[Stored items from a collection]

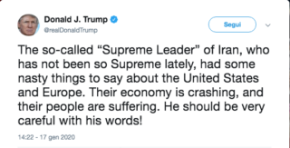 “Il cosiddetto ‘Leader Supremo’ dell’Iran, che ultimamente non è stato così Supremo, ha avuto cose molto gravi da dire sugli Stati Uniti e l’Europa”, si legge nel tweet. La loro economia sta collassando e il loro popolo sta soffrendo. Dovrebbe stare molto attento con le sue parole!”.
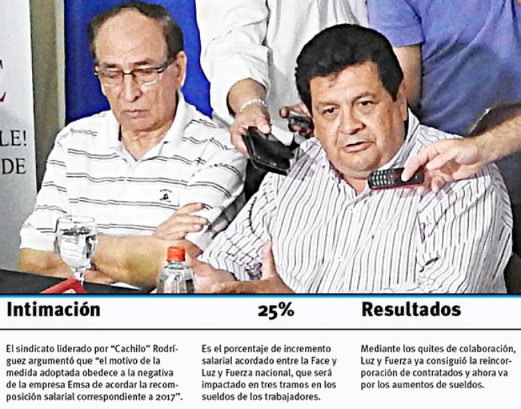 Con el objetivo de presionar para que la empresa Emsa implemente los aumentos salariales a los trabajadores, el gremio de Luz y Fuerza decidió empezar un quite de colaboración a partir de ayer y hasta tanto se resuelva la situación. La intimación se realizó mediante una nota firmada por el secretario general, Julio “Cachilo” Rodríguez y el secretario gremial, José Reineck, en la que expresa la decisión de Luz y Fuerza de iniciar “el quite de colaboración y estricto trabajo a reglamento, a partir de las 13” de ayer. Luego de conocer que la Federación Luz y Fuerza (FATLyF) firmó el Acta – Acuerdo con la Federación Argentina de Cooperativas Eléctricas (Face), que otorga un aumento del 25% para todos los afiliados a Luz y Fuerza y que tendrá vigencia con retroactivo desde marzo y hasta febrero del año que viene. El primer tramo del incremento será del 12% para el período comprendido entre marzo y mayo. Mientras que el segundo será del 7% no acumulativo y vigente a partir del 1 de junio y hasta de agosto. En tanto, el tercero y último tramo alcanza el 6%, también no acumulativo, que se aplicará de septiembre a febrero del año próximo.Asimismo, Face y FATLyF resolvieron efectuar una revisión del acuerdo en diciembre, para analizar la evolución del Índice de Precios al Consumidor que publique el Indec para el período comprendido en el acuerdo y realizar los ajustes que pudieran corresponder. La medida tomada por el gremio liderado por “Cachilo” afectará todos los servicios que realizan los empleados, sirviendo sólo guardias mínimas y según la misiva comprende a todos los trabajadores dependientes de Emsa, afiliados a esa entidad gremial. Es la segunda vez en menos de sesenta días que el gremio intima por escrito a Sergio “Piti” Ferreyra por mejoras salariales, siendo la primera vez a través de la Federación nacional argumentando que los sueldos de los empleados estuvieron congelados durante todo el año pasado. “El motivo de la medida adoptada obedece a la negativa de esa empresa de acordar la recomposición salarial correspondiente a 2017”, señala la documental presentada por el gremio comandado por “Cachilo” Rodríguez. En la misma asegura que se agotaron las instancias de diálogo “a pesar de todos los esfuerzos realizados desde la entidad gremial”. Luz y Fuerza advierte que de no obtener una respuesta satisfactoria, se adoptarán otras medidas desde hoy.
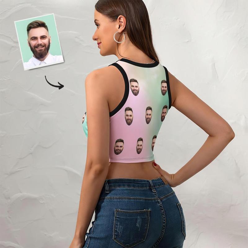 Custom Face Vanilla Sky Vest Sexy Tie Dye Design Customized Ladies Short Racer Vest
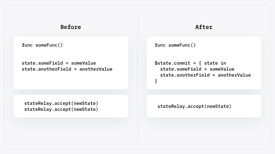 We’ve mentioned that we had made the provider State with the custom propertyWrapper — RxPublished. It’s an alternative to Published in Combine, but in RxSwift. It “wraps up” BehaviorRelay so when we modified State we sent out an instance to the subject. And only after that the subject delivered it to its subscribers. But there was a case when we needed to update several state fields, but deliver the updated state only when the operation was completed.
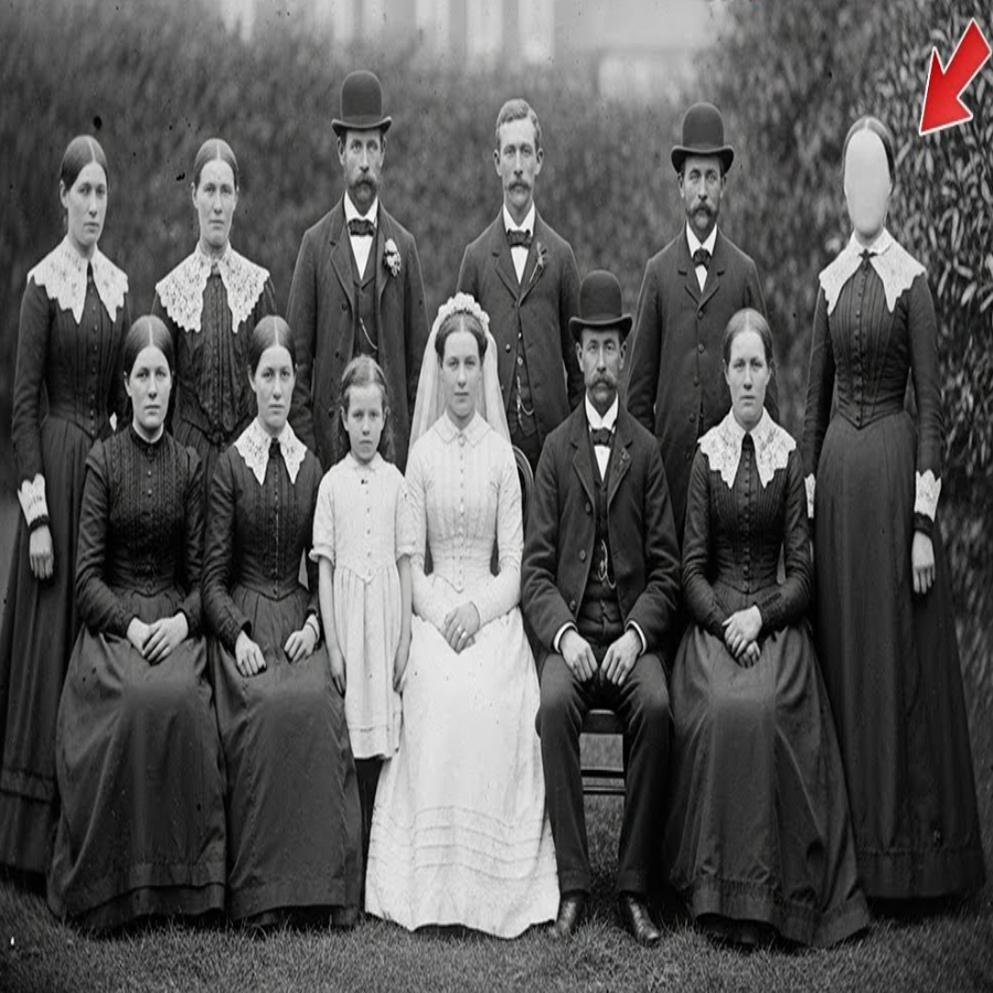 Because when forensic experts finally analyzed every microscopic detail of this seemingly innocent wedding photograph, they discovered that one person in the image standing in clear view among the wedding party has no face. Not a blurred face, not a damaged face, not a face obscured by shadow or motion, but rather where a human face should be. There is only absence.
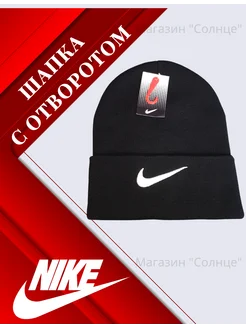 Шапка Мини-Бини Однотонная Вязаная с Подворотом
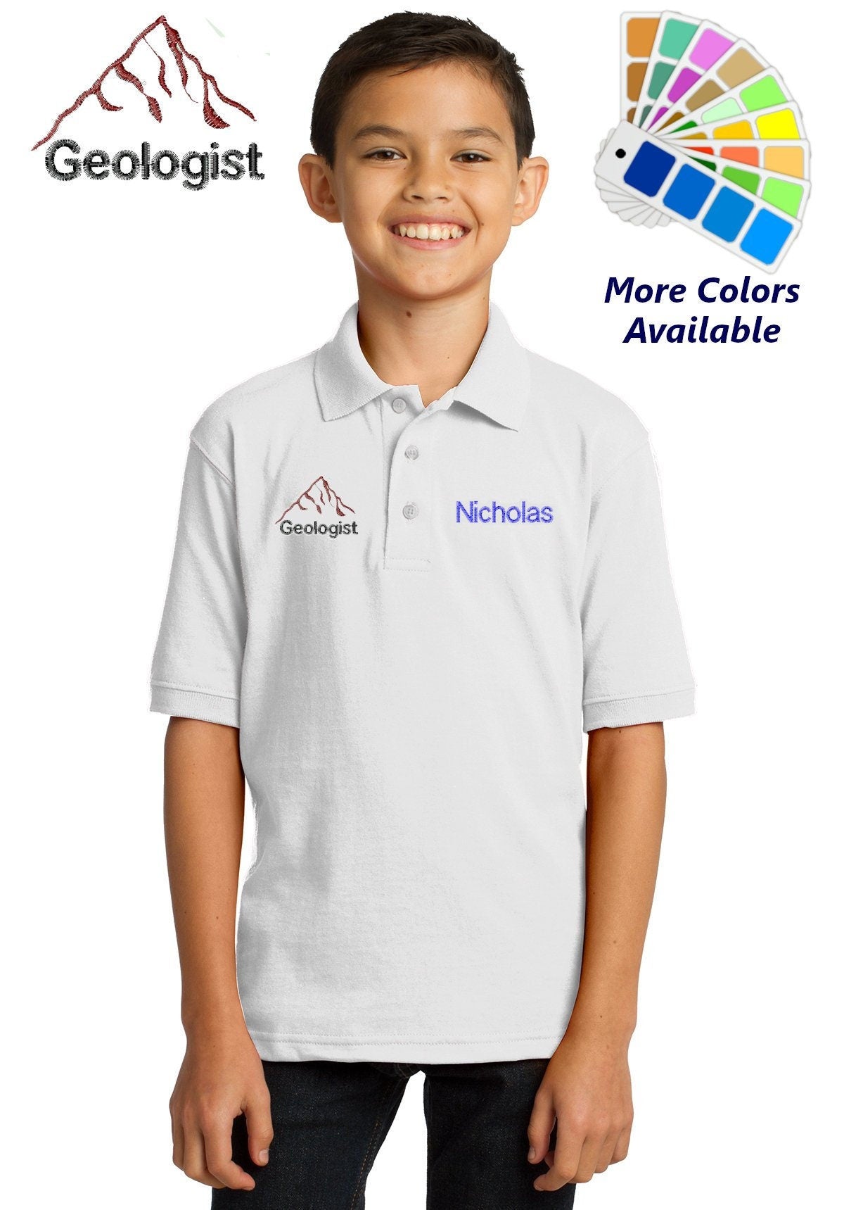 Personalized Kids Polo Shirt Embroidered Geologist Monogrammed with a Name or Text of Your Choice
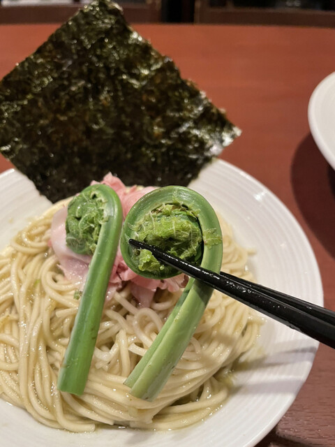 青森から山菜が届いたとのことで、本日は和え玉が山菜スペシャル。トッピングのこごみは、シャッキリ歯応えにさわやかな苦み。タレにも山ウドやタラの芽を使って春らしい和え玉に。
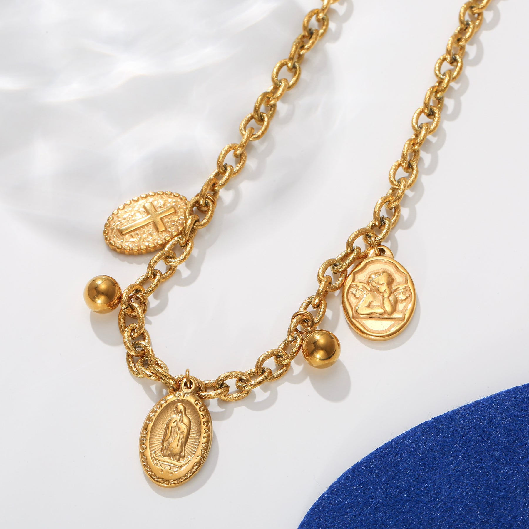 Women'S Stainless Steel Necklace Cross Angel Charms Hypoallergenic
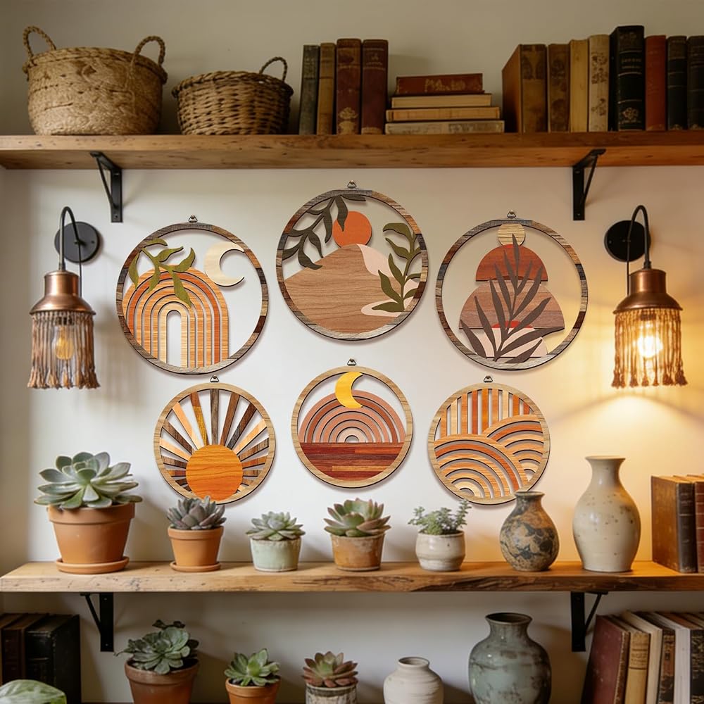 【سهولة تحويل الجدار】قم بتحويل الجدران الفارغة إلى نقاط محورية أنيقة باستخدام هذه الحلقات الخشبية خفيفة الوزن التي يسهل تعليقها وإعادة ترتيبها. إنها تضيف طابعًا مميزًا على الفور إلى غرف النوم أو الأفنية أو حتى المساحات التجارية مثل المقاهي والفنادق الصغيرة

WORK INSTRUCTION – Needed here is only the span from the line with "Custom Face Vanilla" through the last line of the entries, copied exactly with both ends and without pictures.

EXERCISE ANSWER –
 Custom Face Vanilla Sky Vest Sexy Tie Dye Design Customized Ladies Short Racer Vest
 We’ve mentioned that we had made the provider State with the custom propertyWrapper — RxPublished. It’s an alternative to Published in Combine, but in RxSwift. It “wraps up” BehaviorRelay so when we modified State we sent out an instance to the subject. And only after that the subject delivered it to its subscribers. But there was a case when we needed to update several state fields, but deliver the updated state only when the operation was completed.
 Because when forensic experts finally analyzed every microscopic detail of this seemingly innocent wedding photograph, they discovered that one person in the image standing in clear view among the wedding party has no face. Not a blurred face, not a damaged face, not a face obscured by shadow or motion, but rather where a human face should be. There is only absence.
 Шапка Мини-Бини Однотонная Вязаная с Подворотом
 Personalized Kids Polo Shirt Embroidered Geologist Monogrammed with a Name or Text of Your Choice
 青森から山菜が届いたとのことで、本日は和え玉が山菜スペシャル。トッピングのこごみは、シャッキリ歯応えにさわやかな苦み。タレにも山ウドやタラの芽を使って春らしい和え玉に。
 Women'S Stainless Steel Necklace Cross Angel Charms Hypoallergenic
 【سهولة تحويل الجدار】قم بتحويل الجدران الفارغة إلى نقاط محورية أنيقة باستخدام هذه الحلقات الخشبية خفيفة الوزن التي يسهل تعليقها وإعادة ترتيبها. إنها تضيف طابعًا مميزًا على الفور إلى غرف النوم أو الأفنية أو حتى المساحات التجارية مثل المقاهي والفنادق الصغيرة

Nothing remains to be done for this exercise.